A coin kept on a rotating gramophone disc just beging to slip if its centre is at a distance of 8 cm from the centre of the disc .The angular velocity of the gramophone disc is then doubled , Through what distance , the coin should be shifted towards the centre , so that the coin will just slip ?

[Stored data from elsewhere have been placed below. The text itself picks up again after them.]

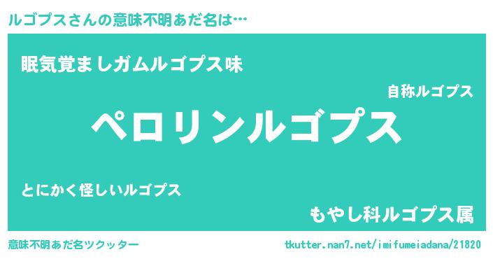 | 男性向けラノベタイトル風あだ名 | 『ルゴプスアートオンライン』 |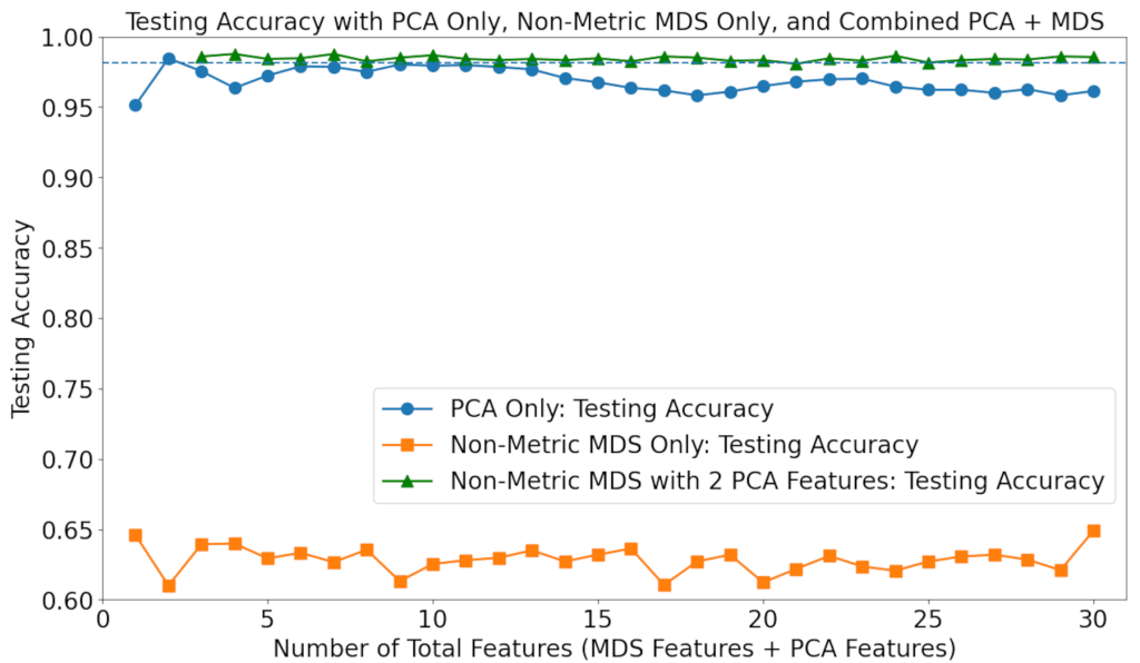 Since NMDS with 2 PCA features was shown to result in high accuracy, the number of 2 PCA features was chosen to be combined with an increasing number of non-metric features. The individual capabilities of PCA and NMDS were also evaluated. The results are shown in Figure 5.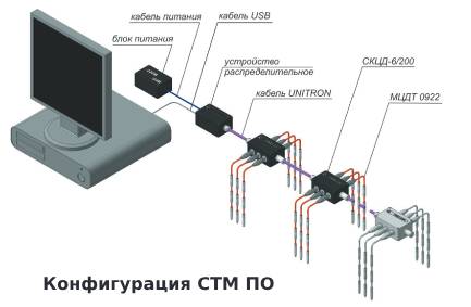 К каждому контроллеру можно подключить от одной до шести термокос, содержащих суммарно до 200 датчиков. Конфигурация возможной реализации системы СТМ ПО приведена на рисунке.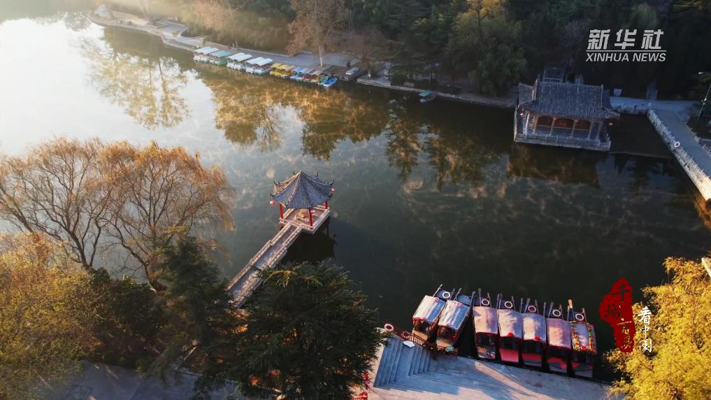 老龙湾,位于山东省潍坊市临朐县。大雪时节,龙湾湖畔风光旖旎,湖面仿佛被一层薄薄的轻纱覆盖,在冬日的阳光下熠熠生辉。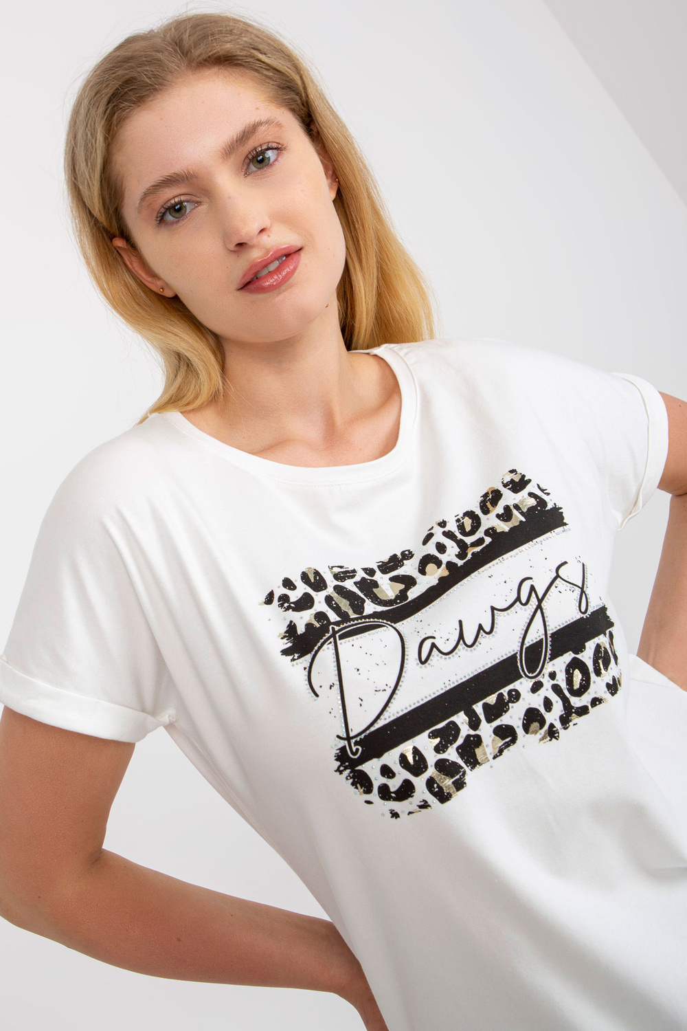 Modelis dėvi vieno dydžio. Modelio matmenys: aukštis 175 cm, krūtinė 90 cm, juosmuo 71 cm, klubai 100 cm.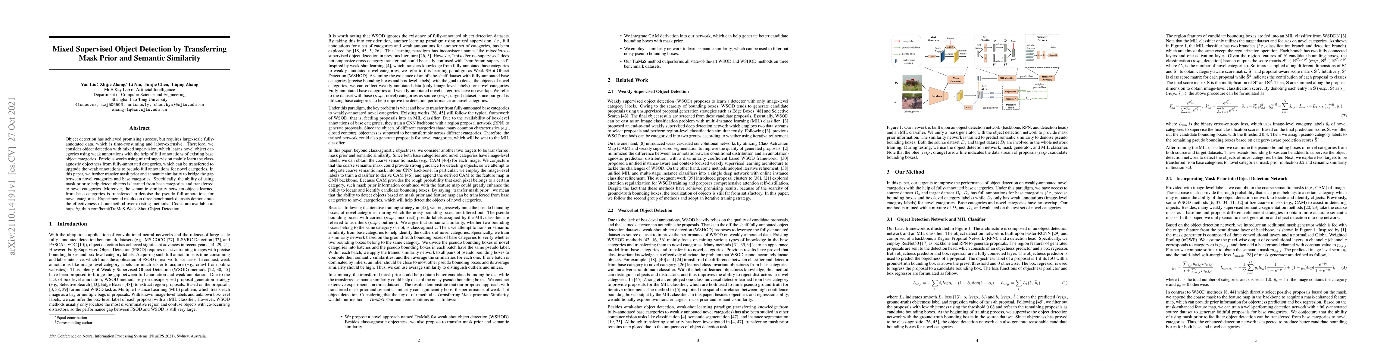 This paper proposes a method for mixed supervised object detection that leverages mask prior and semantic similarity to learn novel object categories from weak annotations, using fully-annotated base categories for transfer. Experimental results show improved performance over existing methods on benchmark datasets.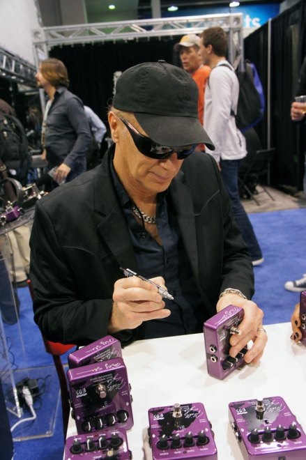 В зале гитарного и басового оборудования было больше всего посетителей, стойкий гул гитарных и басовых усилителей смешивался с голосами людей, разговаривать там, конечно же, было нельзя, зато можно было посмотреть, пощупать, проверить, или попросить ответственного сотрудника о демонстрации. На всех стендах цвела интереснейшая жизнь: на одних проходили автограф сессии и мастер классы от музыкантов (EBS, FENDER, VINTAGE), на других просматривалось празднование какого-нибудь юбилея компании(EBS), третьи просто демонстрировали продукцию, раздавали конфеты, медиаторы и просто хорошее настроение (FERNANDES,GIBSON, LAG). Что запомнилось очень ярко и привлекало, пожалуй, самое большее количество посетителей, это импровизированный racing туннель от гитарного бренда LAG, где есть все, что должно быть: рев мощного двигателя, воздушный поток в лицо и, конечно же, драйвовая рок-музыка, извлекаемая из отличных во всех отношениях электрогитар LAG серии ROXANE. Обстановка в точности передает ощущения гонщика. (IMG:img?url=http://allegro.com.ua/files/descr_img1244.jpg) Что касается новинок от ведущих брендов гитарного и басового оборудования, то тут конечно разгуляться было где. Начнем, пожалуй, с самого приятного. Шведский басовый бренд EBS празднует 25-летие с чем, его и поздравляем и под шумок выпустил отличную подписную педаль от виртуоза бас гитары Билли Шихана. EBS BILLY SHEEHAN SIGNATURE DRIVE. Это устройство разработано при непосредственном участии старика Билли. «Примочка» комбинирует компрессор, и драйв смешивает по желанию чистый и перегруженный сигнал. (IMG:img?url=http://allegro.com.ua/files/descr_img1245.JPG)
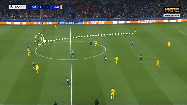 Он не позволил опорнику отобрать мяч и отвлек на себя Ли Кан Ина, поэтому Де Йонг остался свободным. Брэдли Барколя пришлось экстренно смещаться в центр за ним.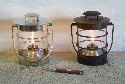 The reservoirs are made of galvanized steel with a screw type wick holder. The wick/flame is adjusted with a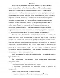 Актуальность - Крымская (Восточная) война 1853-1856 гг. является одним из важнейших событий в истории России XIX века. Она оказала значительное влияние на дальнейшее развитие страны, став жестоким напоминанием о необходимости проведения коренных преобразований для ликвидации отсталости от западных стран. Эта война стала также событием мирового масштаба, поскольку в нее были вовлечены наиболее крупные и могущественные державы того времени. Некоторые исследователи даже полагают, что есть основания считать Крымскую войну мировой. Как и любое масштабное и значимое событие, Крымская война вплоть до настоящего времени остается в центре внимания исследователей, и не выработано единого мнения относительно ее причин, характера, значения и т.д. Данный факт подтверждает актуальность темы данной работы.
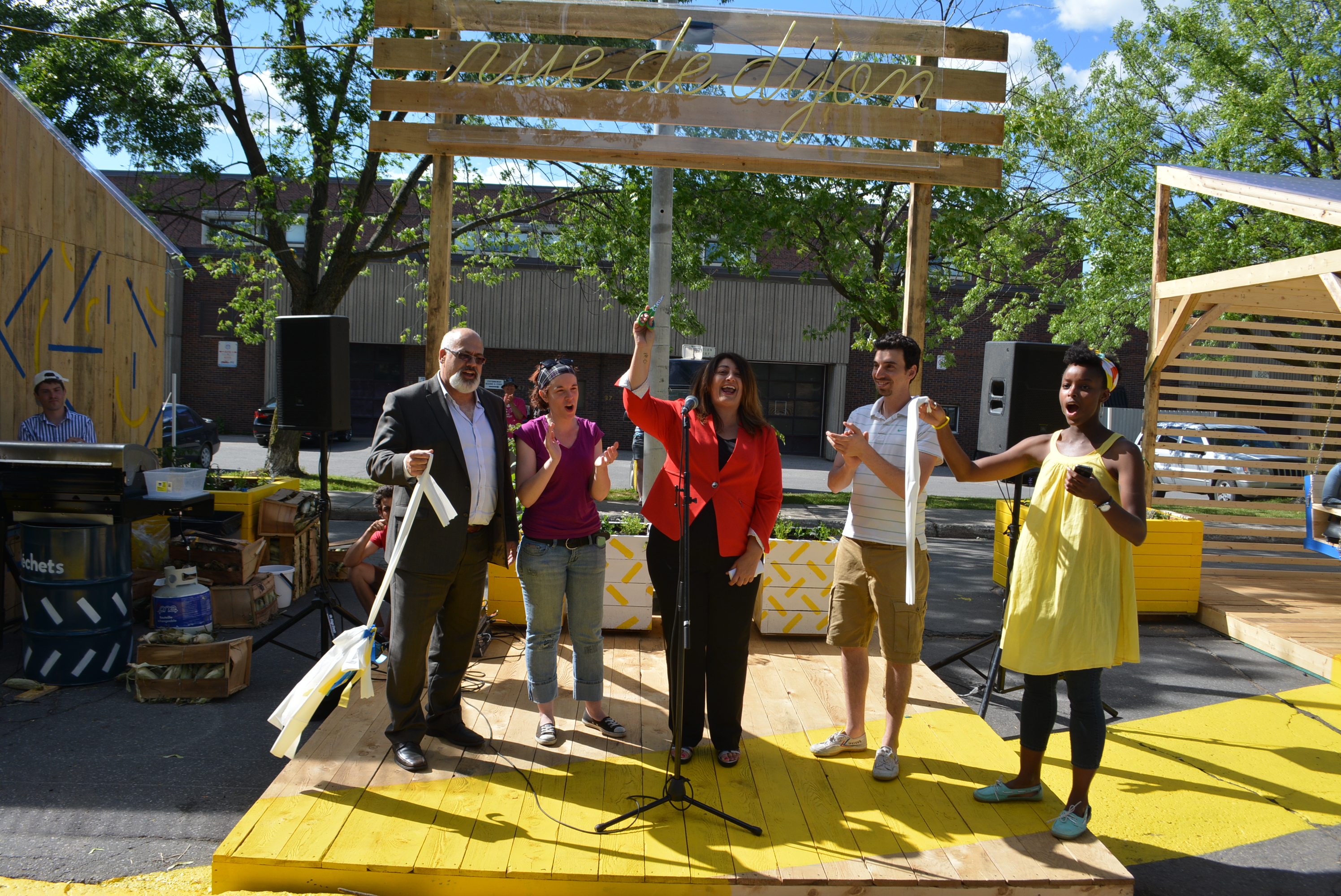 «Accueillante, animée et familiale!» C’est ainsi que la conseillère d’arrondissement Sylvia Lo Bianco a défini la Rue de Dijon, transformé en place de village cet été, lors de l’inauguration du 21 juin. À peine inaugurée, la Rue de Dijon est envahie par Petits et Grands du quartier, qui explorent les 10 installations imaginées par Pépinière & Co, un organisme à but non lucratif dédié à la revitalisation de sites urbains : placotoire, aires de pique-nique, balançoires familiales, BBQ, hamacs, et même une scène ouverte à tous.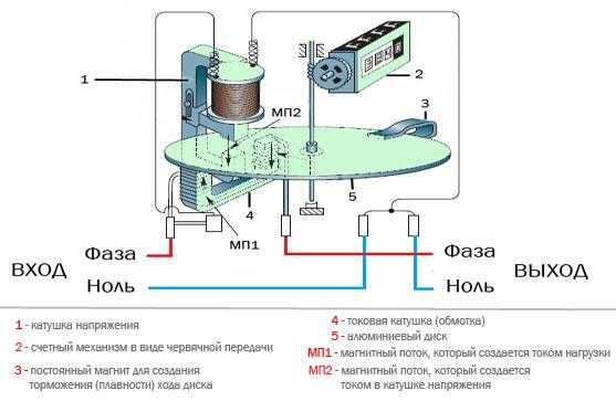 Принцип работы индукционных счетчиков прост: катушки тока и напряжения создают магнитное поле, которое действует на диск, он, в свою очередь, вращает счетное устройство. Скорость вращения диска зависит от силы тока и напряжения.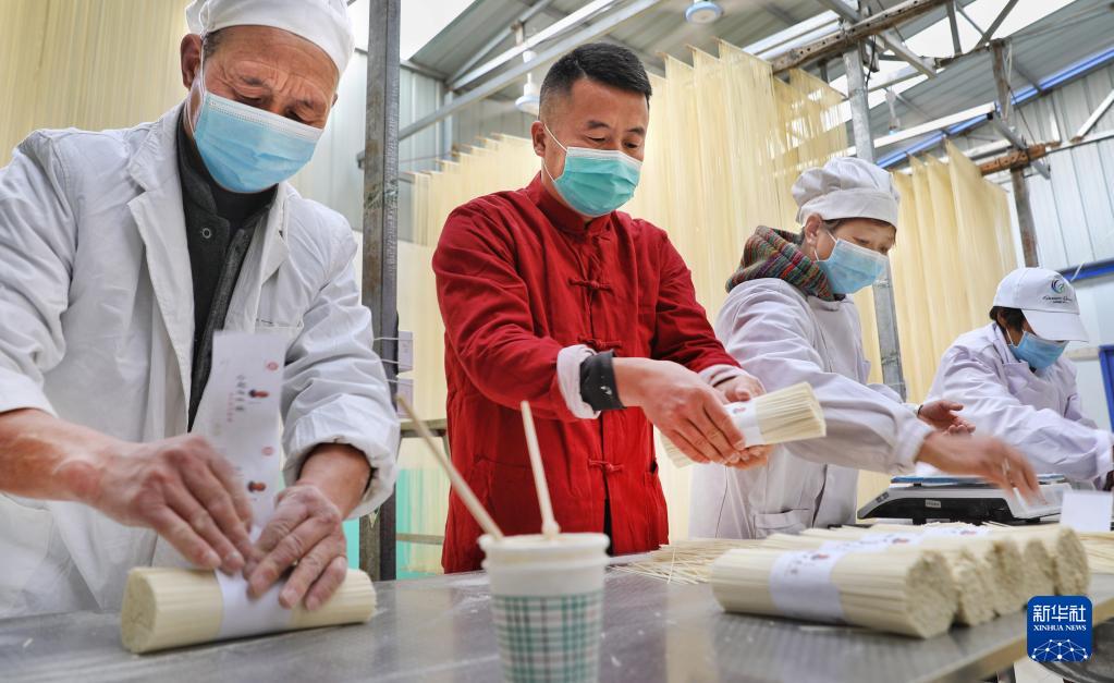 村民在李长满的老李家手工挂面专业合作社务工(3月18日摄)。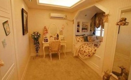 卧室中,梳妆台很有西式古典风格,很适合女子梳妆打扮。从整体看卧室不大,但足以住下一个人,这张床很奇特,仿佛是在墙上挖了个床,而且门还是六边形的。床头还安置着一个储物柜,为房间生活品德放置提供了空间让房间整齐并且有空间。 |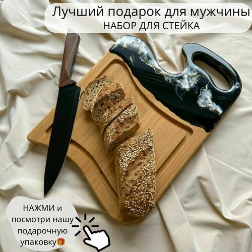 Подарочный набор для мужчины LONET в комплекте доска из дуба и нож для стейка, оригинальный подарок мужчине, начальнику, шефу в черном цвете

To solve the problem step by step, we will analyze the forces acting on the coin when it is on the rotating gramophone disc. ### Step 1: Understand the Initial Condition The coin is initially at a distance \( r = 8 \, \text{cm} \) from the center of the disc. It is just about to slip, meaning the frictional force equals the required centripetal force for circular motion. ### Step 2: Write the Equation for the Initial Condition The centripetal force required to keep the coin moving in a circle is given by: \[ F_c = m \omega^2 r \] where \( m \) is the mass of the coin, \( \omega \) is the angular velocity, and \( r \) is the radius (8 cm in this case). The frictional force \( f \) that prevents the coin from slipping is given by: \[ f = \mu m g \] where \( \mu \) is the coefficient of static friction and \( g \) is the acceleration due to gravity. Since the coin is just about to slip, we have: \[ \mu m g = m \omega^2 r \] Cancelling \( m \) from both sides, we get: \[ \mu g = \omega^2 r \] ### Step 3: Analyze the New Condition When the angular velocity is doubled, the new angular velocity \( \omega' = 2\omega \). The coin will now slip at a new radius \( r' \). ### Step 4: Write the Equation for the New Condition The centripetal force in the new condition can be expressed as: \[ F_c' = m \omega'^2 r' = m (2\omega)^2 r' = 4m \omega^2 r' \] Setting this equal to the frictional force, we have: \[ \mu m g = 4m \omega^2 r' \] Again cancelling \( m \), we get: \[ \mu g = 4 \omega^2 r' \] ### Step 5: Relate the Two Conditions From the first condition, we have: \[ \mu g = \omega^2 r \] Substituting \( r = 8 \, \text{cm} \): \[ \mu g = \omega^2 \cdot 8 \] Now substituting this into the second condition: \[ 8 = 4 r' \] This implies: \[ r' = \frac{8}{4} = 2 \, \text{cm} \] ### Step 6: Calculate the Shift Towards the Center The coin needs to be shifted from \( r = 8 \, \text{cm} \) to \( r' = 2 \, \text{cm} \). The distance \( x \) that the coin should be shifted is: \[ x = r - r' = 8 \, \text{cm} - 2 \, \text{cm} = 6 \, \text{cm} \] ### Final Answer The coin should be shifted **6 cm** towards the center of the disc to just begin to slip again. ---